Степан молчал и как будто собирался отвернуться к стенке. Захар, глубоко вздохнув, вышел из комнаты.
– Вот она, плотина-то, и прорвалась, – заключил он. – Главная плотина прорвалась – все и поползло. Эх, этакую плотину и Кириллу не удержать…
…В одиночку, не глядя друг на друга, расходились мужики из коллектива Захара. И Винную поляну, поросшую молодой полынью, обдувал сизый весенний ветер.
– Вода! Мужики – вода! – сказал Плакущев и, расправив плечи, сразу вырос.

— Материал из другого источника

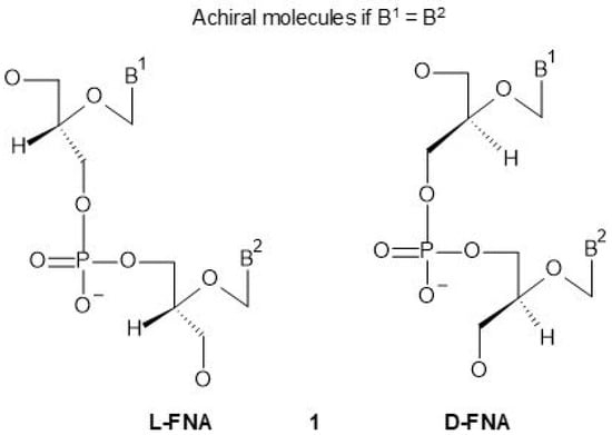 A single nucleotide unit consists of three segments that are chemically very different from each other. The heterocyclic nucleobases serve as acceptors and donors of hydrogen bonds and are responsible for proper intermolecular recognition. In addition, stacking interactions are important in conferring a high degree of rigidity to oligomers and higher-order structures. The anionic phosphodiester groups are reasonably stable under mild hydrolytic conditions, but they are important for hydration and may be involved in electrostatic interactions with positively charged amino acid side chains and other cationic species. Not to be neglected is the electrostatic repulsion between the phosphate moieties present in the oligonucleotide chains forming a complex, which contribute to the rigidity of the entire DNA or RNA system. The third component comprises of sugar moieties (ribose or 2′-deoxyribose), which are present in the cyclic form. Notably, the pseudo-rotational flexibility of the ribonucleotide is considerably limited due to the anomeric effect, and RNA/RNA and RNA/DNA duplexes are generally more thermally stable than DNA/DNA duplexes. The rigidity of the cyclic scaffold has been considered important for the formation of thermally stable duplexes [1], and the unexpectedly high thermal stability of duplexes formed with the participation of LNA oligomers could serve as an excellent justification for this point of view. However, this generalization is not consistent with the behavior of Peptide Nucleic Acids (PNA), in which the heterocyclic bases are attached to a linear peptide-like backbone, since duplexes composed of RNA or DNA and PNA strands are far more stable than RNA/RNA and DNA/DNA ones. This phenomenon may be attributed to the absence of a negative charge in the backbone, such that the absence of repulsive interactions balances the entropic cost of proper spatial organization of the flexible PNA scaffolds. Nonetheless, the widely accepted importance of the cyclic sugar components for the stability of the duplexes could be questioned. There is another perspective that can be applied to the acyclic analogs of nucleic acids that is related to the origin of life. We are currently witnessing an ongoing dispute about which molecule, DNA or RNA, was the first to mark the beginning of life in its modern form, i.e., were the first carriers of the contemporary genetic information. However, even if the correct answer is finally found, there is still the question of its possible predecessors. The first suggestion that oligomers with an acyclic flexible scaffold carrying pro-chiral nucleotide analogs might play such a role was made in 1987 by Joyce et al. [2]. These flexible structures seemed to be easier to produce than deoxyribo- or ribo-nucleosides under prebiotic conditions. To assess the possibility of their involvement in, for example, primer extension experiments, which could be considered the simplest biochemical probe showing a “living-like” system, chemists had to make several model compounds. Thus, both perspectives triggered efforts to synthesize and evaluate numerous acyclic analogs of nucleic acids, and it must be admitted that in several cases, very astonishing properties were found. They may be used not only in biochemical probes but, perhaps in the somewhat distant future, also in medicine and outside biology, e.g., in nanoelectronics. This review aims to summarize these synthetic efforts and to provide information on the most interesting properties of selected classes of such compounds. The selection includes the following types of analogs:

С кровоподтеком под глазом (казалось, он этот кровоподтек берег, как самый глаз), мягкими, вкрадчивыми шагами он ходил по порядку и говорил ласково:
– Слыхали, закон теперь такой вышел: ежели ты будешь над своей бабой измываться, она и не чихнет – уйдет от тебя.
– Эко, до чего дожили, до чиху! – сердился Никита Гурьянов. – До чиху, прямо-то дело.
– Или вот твой сын придет из школы, скажет: «Тятька, а бога-то вовсе ведь нет… все трын-трава…» Ты его стукнешь, он тебя по закону имеет полное право в тюрьму…
– Это и хорошо? – Никита, как воробей после дождя, весь шершавился.
– Я не говорю: хорошо, нехорошо. Я говорю: закон такой вышел. Я говорю: канители много, а все что к чему? К чему друг другу глотки рвем? Эх, люди-и!
– Милые слова! – подхватывал Никита и прятал глаза от мужиков. – Как оно идет, и пускай. Алай-река течет примерно в Чертову прорву – и пускай.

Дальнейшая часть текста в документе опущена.